When I was an undergrad, students had access to a career advice software package. As a joke, I filled in the answers along the lines of "I want to work short hours", "I want to make a lot of money", "I want to be respected in my community", "I want to take frequent vacations", etc. The top two recommendations? Podiatry and Dermatology.

Jul. 30 2012 11:51 AM
gary from queens

Fewer doctors will yield an average increase in longevity in the US. Mortalities will decline. The reason is that iatrogenesis is the leading killer of people. Not disease.

Comparative Causes of Death
Annual Average in the US

* Adverse Drug Reactions ..100,000 to 140,000
* Automobile Accidents ..39,325
* Food Contamination ...9,100
* Boating Accidents ...2,064
* Household Cleaners .74
* Acute Pesticide Poisoning 12

Data on doctors' strikes in recent history in different countries support this contention. For example, the BMJ 2000;320:1561 ( 10 June ) stated that "doctors’ strike in Israel may be good for health." The 127-day strike put a severe economic strain on the funeral business in that country.

QUOTE
The dramatic decline in the death rate is prompting the burial association to ask the Government to approve an increase in doctors' pay. According to the newspaper the Jerusalem Sun, industrial action by doctors in Israel seems to be good for their patients' health. Death rates have dropped considerably in most of the country since physicians in public hospitals implemented a program of sanctions three months ago, according to a survey of burial societies.
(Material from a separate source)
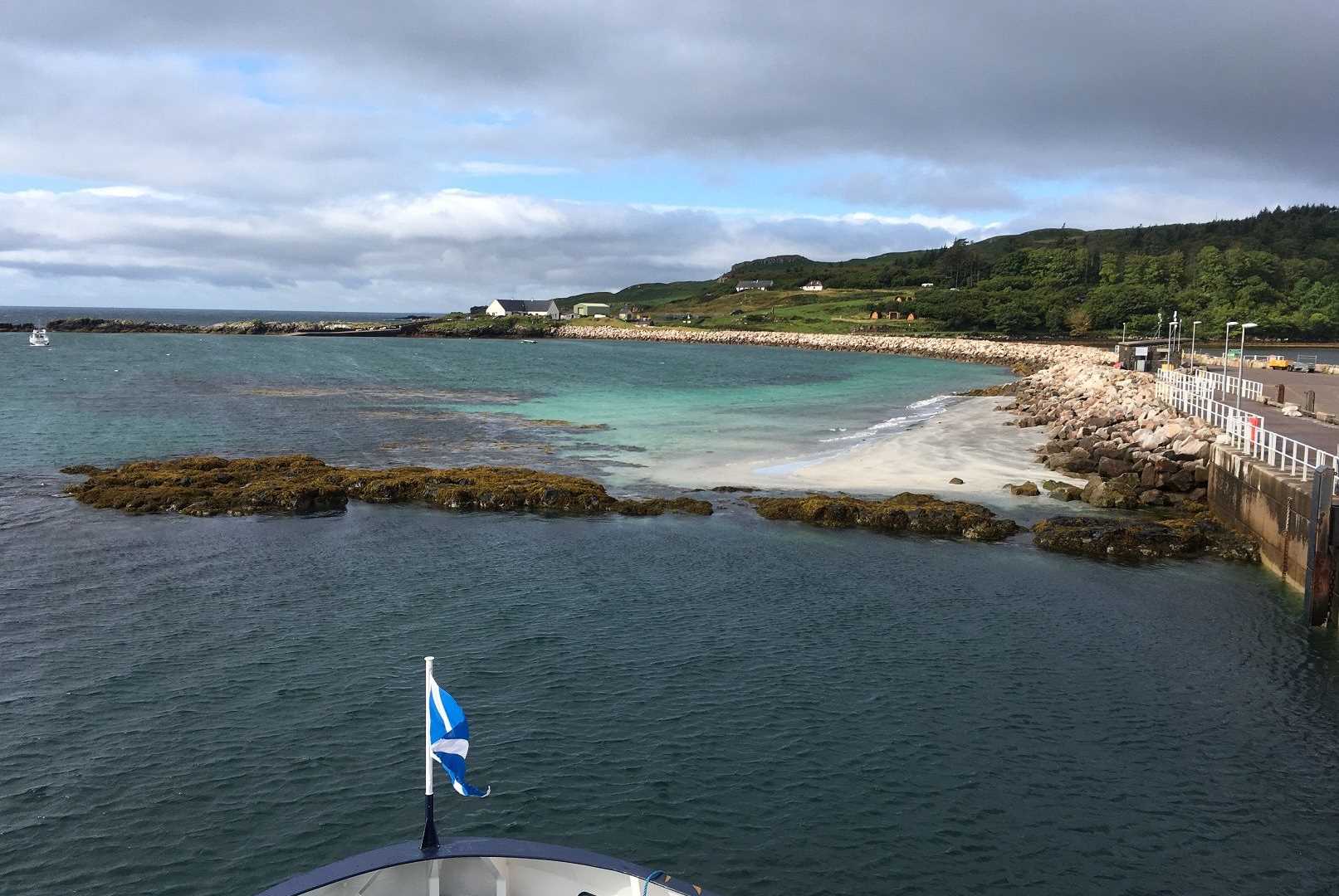 It was pouring rain this morning and Inverie was shrouded in clouds. As we sailed to the Isle of Eigg, the rain ceased but the clouds remained and I thought Eigg had been scrambled. (Hehe.) But a miracle happened and the clouds started to lift and Eigg emerged like a Caribbean jewel – without crowds and without heat, but with stunning colours of the sea, sand and greenery.

"The number of funerals we have performed has fallen drastically," said Hananya Shahor, the veteran director of Jerusalem's Kehilat Yerushalayim burial society. "This month, there were only 93 funerals compared with 153 in May 1999, 133 in the same month in 1998, and 139 in May 1997," he said. The society handles 55% of all deaths in the Jerusalem metropolitan area. Last April, there were only 130 deaths compared with 150 or more in previous Aprils.
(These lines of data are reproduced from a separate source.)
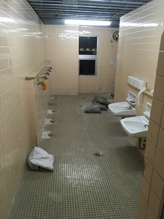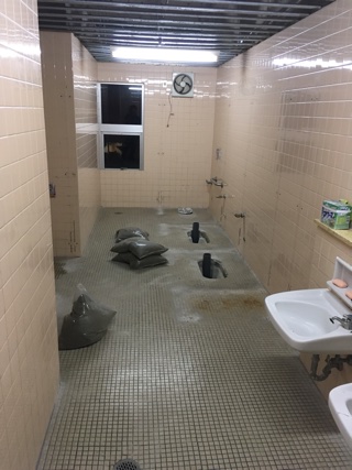 写真は5年生のトイレです。便器と個室の壁が取り外されたところです。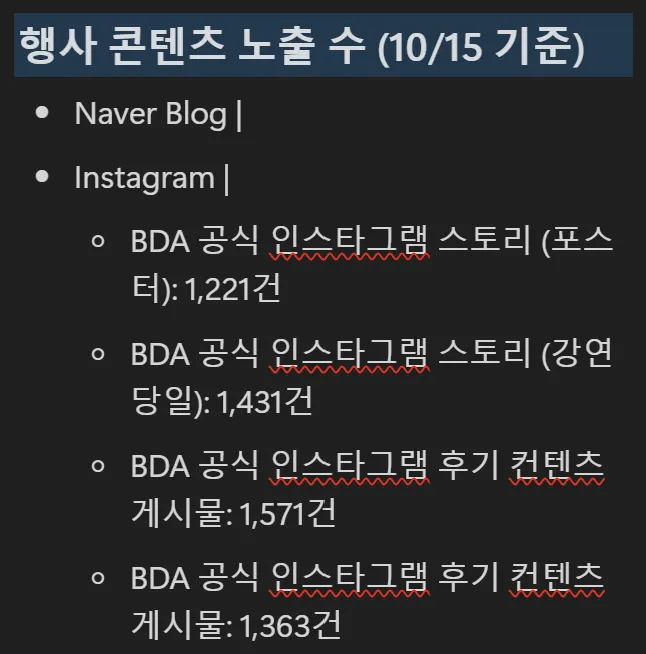 이후 행사를 진행하고 만족도 조사 보고서를 포함한 후기 콘텐츠 공유 등의 행사 후 마무리 프로세스가 진행됩니다.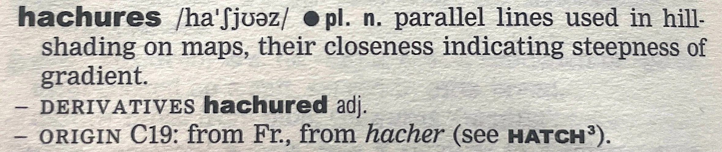 the dictionary entry for Hachures,  plural noun: parallel lines used in hill shading on maps, their closeness indicating steepness of gradient.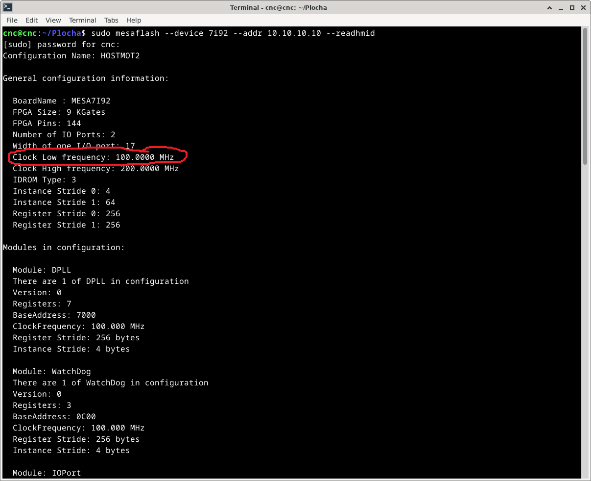 ClockLow mám 100MHz, používám ještě starou původní 7i92 s čipem spartan6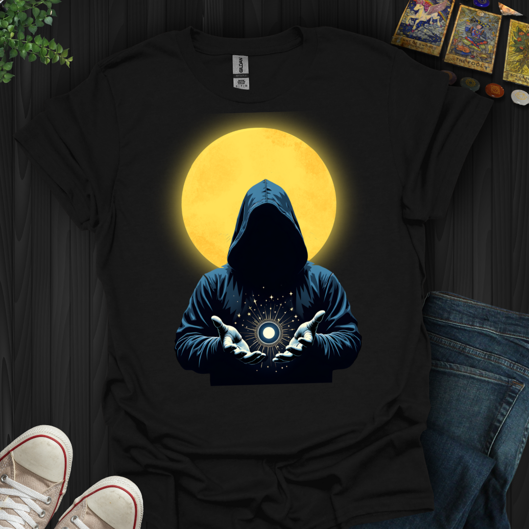 Cloaked in mystery, bathed in light—this design embodies the balance of shadow and illumination. A hooded figure summons cosmic energy, framed by a radiant sun, symbolizing power, enlightenment, and the unseen forces at play. Perfect for those who walk between worlds, harnessing both the darkness and the dawn.

Meir Adler, manager of the Shamgar Funeral Parlour, which buries most other residents of Jerusalem, declared with much more certainty: "There definitely is a connection between the doctors' sanctions and fewer deaths. We saw the same thing in 1983 [when the Israel Medical Association applied sanctions for four and a half months]."
UNQUOTE

This all seems like a paradox. But it's a fact. On balance, allopathic medicine doesnt decrease mortalities overall. it shortens longevity.